An access control vulnerability in macOS allows applications to connect to network shares without explicit user consent, bypassing the sandbox restrictions designed to prevent unauthorized network access. This affects macOS Sequoia 15.7.5, macOS Sonoma 14.8.5, and macOS Tahoe 26.4, where a malicious or compromised application could silently establish connections to network resources. Apple has addressed this issue through additional sandbox restrictions in the specified patch versions; no public exploit code or active exploitation via KEV has been reported, but the nature of the vulnerability suggests moderate real-world risk due to the ease with which local applications could abuse this capability.
This vulnerability allows attackers to bypass Content Security Policy (CSP) enforcement in Apple's WebKit engine through maliciously crafted web content, affecting Safari and all Apple platforms including iOS, iPadOS, macOS, tvOS, visionOS, and watchOS. The vulnerability stems from improper state management during web content processing, enabling attackers to circumvent a critical security control that prevents injection attacks and unauthorized script execution. While no CVSS score or EPSS data is currently available, the broad platform impact across Apple's entire ecosystem and the fundamental nature of CSP bypass as an information disclosure vector indicate significant real-world risk.

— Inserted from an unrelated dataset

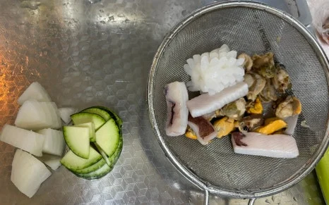 순두부찌개에 들어가는 양파, 호박, 해물을 준비하고

A security vulnerability in A vulnerability exists in the Community Tier of Harden-Runner that (CVSS 4.9). Remediation should follow standard vulnerability management procedures.
A remote code execution vulnerability in A vulnerability exists in the Community Tier of Harden-Runner that (CVSS 2.7). Remediation should follow standard vulnerability management procedures.
A security vulnerability in HCL AION (CVSS 4.7). Remediation should follow standard vulnerability management procedures.